Transcribe, exactly and without pictures, the lines below from the line with "Vio Roldan Kemeja" to the line with "Sea shell connector", both ends included, and no others.

- Data excerpts -

===============

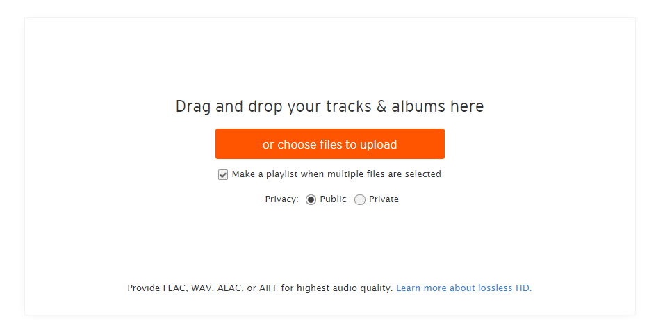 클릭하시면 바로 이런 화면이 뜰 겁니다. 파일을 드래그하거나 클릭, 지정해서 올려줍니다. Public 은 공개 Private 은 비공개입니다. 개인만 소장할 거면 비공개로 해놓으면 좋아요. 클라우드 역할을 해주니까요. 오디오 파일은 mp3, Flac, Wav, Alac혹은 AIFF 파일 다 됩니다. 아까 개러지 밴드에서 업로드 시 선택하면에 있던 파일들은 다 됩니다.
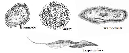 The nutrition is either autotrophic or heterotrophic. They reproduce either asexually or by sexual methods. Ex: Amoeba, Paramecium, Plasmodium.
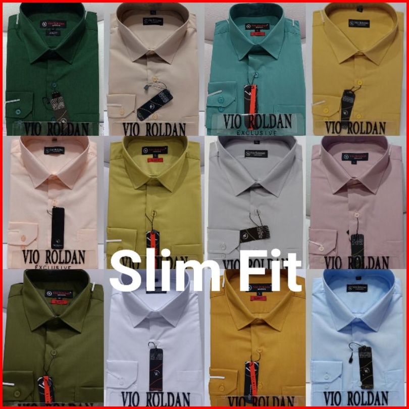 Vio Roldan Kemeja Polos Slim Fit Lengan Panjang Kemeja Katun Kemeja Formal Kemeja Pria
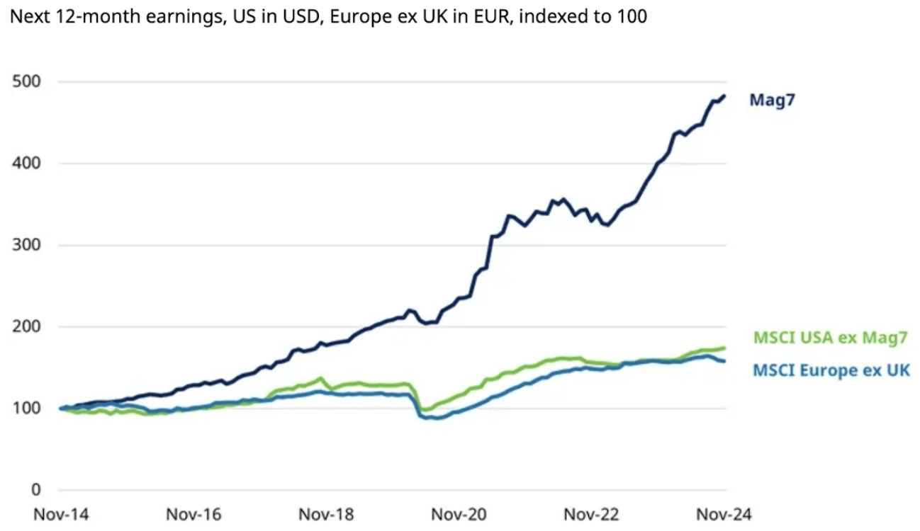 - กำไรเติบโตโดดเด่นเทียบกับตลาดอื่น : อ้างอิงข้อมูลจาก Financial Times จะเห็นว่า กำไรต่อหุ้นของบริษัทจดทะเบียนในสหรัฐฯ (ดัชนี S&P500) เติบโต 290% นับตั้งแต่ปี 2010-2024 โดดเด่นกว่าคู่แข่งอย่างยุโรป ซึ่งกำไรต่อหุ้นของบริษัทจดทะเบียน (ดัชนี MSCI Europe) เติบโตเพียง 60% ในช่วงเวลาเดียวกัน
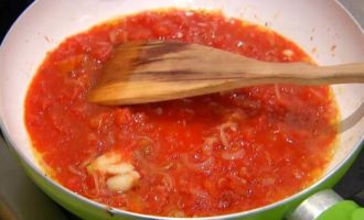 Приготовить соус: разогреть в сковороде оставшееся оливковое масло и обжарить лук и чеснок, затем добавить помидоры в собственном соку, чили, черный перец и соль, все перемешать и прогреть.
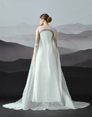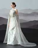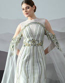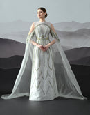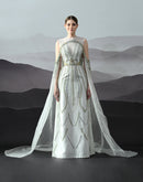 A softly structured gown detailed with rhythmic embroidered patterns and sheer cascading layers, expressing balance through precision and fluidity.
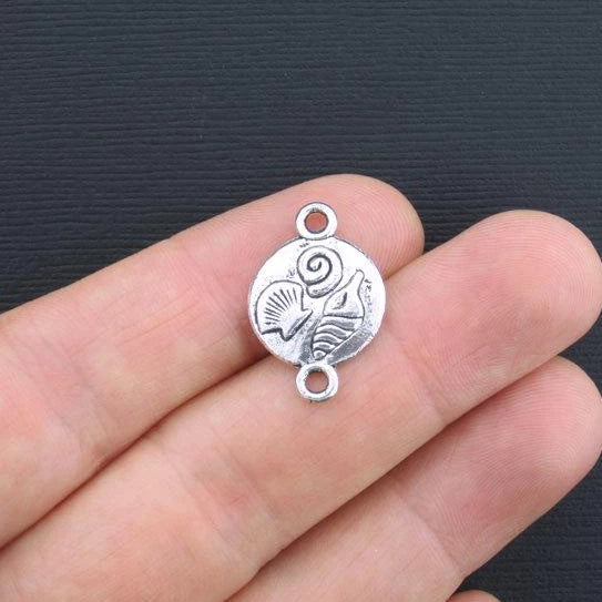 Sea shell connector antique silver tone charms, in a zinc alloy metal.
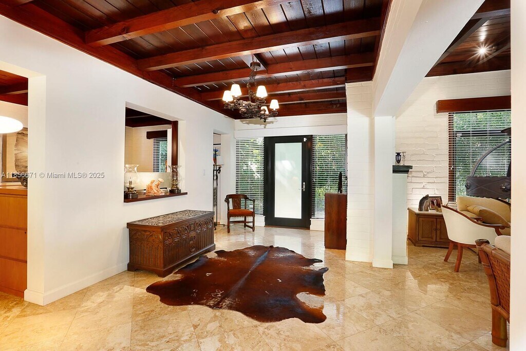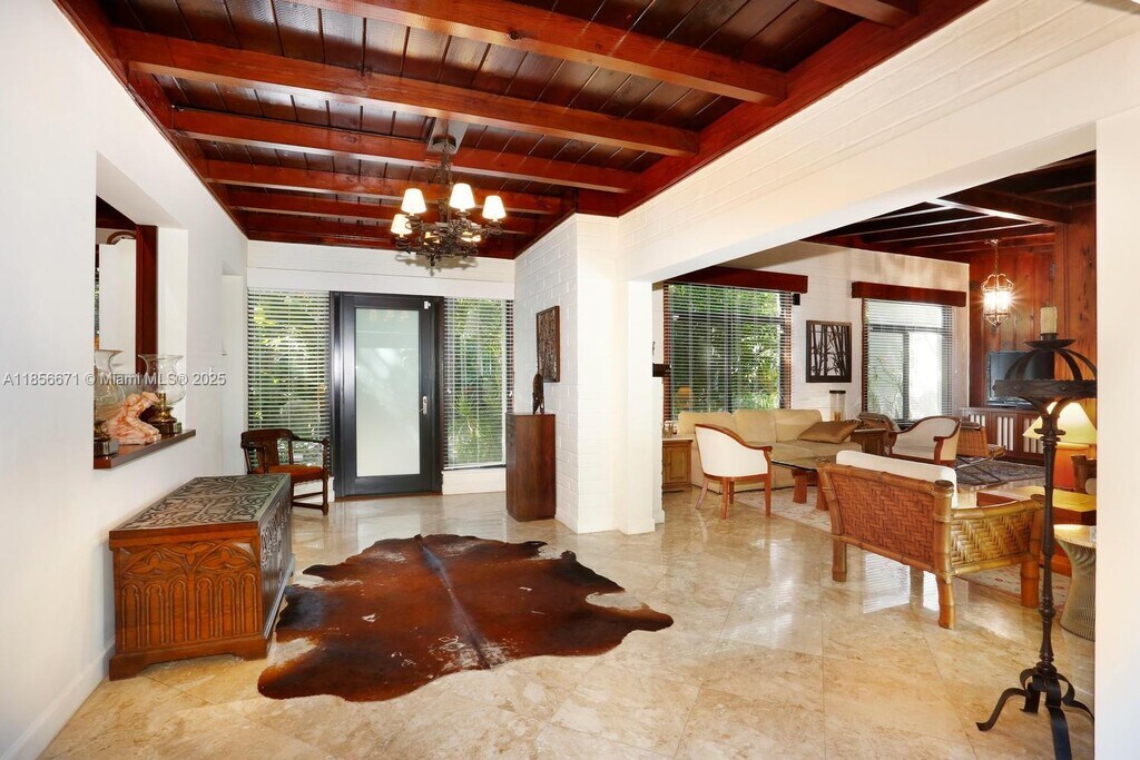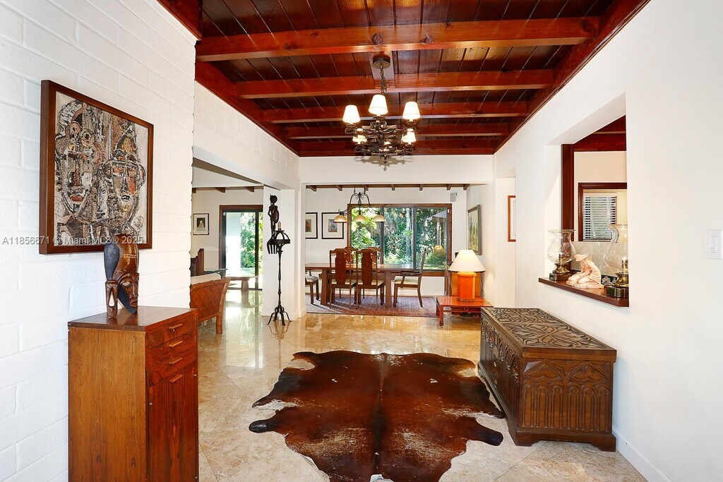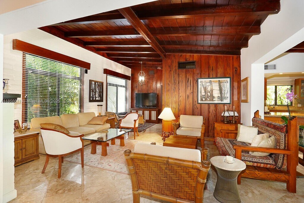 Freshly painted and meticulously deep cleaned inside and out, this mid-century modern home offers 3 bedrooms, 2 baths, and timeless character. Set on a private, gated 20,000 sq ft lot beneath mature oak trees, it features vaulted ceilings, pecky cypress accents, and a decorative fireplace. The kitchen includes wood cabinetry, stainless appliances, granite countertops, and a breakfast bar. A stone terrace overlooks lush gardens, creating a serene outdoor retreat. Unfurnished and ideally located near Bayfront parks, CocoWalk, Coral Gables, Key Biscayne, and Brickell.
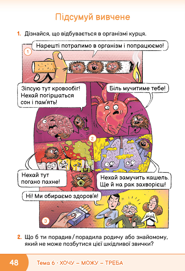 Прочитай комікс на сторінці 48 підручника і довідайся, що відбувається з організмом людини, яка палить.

===============

- RESULT OF THE TASK -
 Vio Roldan Kemeja Polos Slim Fit Lengan Panjang Kemeja Katun Kemeja Formal Kemeja Pria
 - กำไรเติบโตโดดเด่นเทียบกับตลาดอื่น : อ้างอิงข้อมูลจาก Financial Times จะเห็นว่า กำไรต่อหุ้นของบริษัทจดทะเบียนในสหรัฐฯ (ดัชนี S&P500) เติบโต 290% นับตั้งแต่ปี 2010-2024 โดดเด่นกว่าคู่แข่งอย่างยุโรป ซึ่งกำไรต่อหุ้นของบริษัทจดทะเบียน (ดัชนี MSCI Europe) เติบโตเพียง 60% ในช่วงเวลาเดียวกัน
 Приготовить соус: разогреть в сковороде оставшееся оливковое масло и обжарить лук и чеснок, затем добавить помидоры в собственном соку, чили, черный перец и соль, все перемешать и прогреть.
 A softly structured gown detailed with rhythmic embroidered patterns and sheer cascading layers, expressing balance through precision and fluidity.
 Sea shell connector antique silver tone charms, in a zinc alloy metal.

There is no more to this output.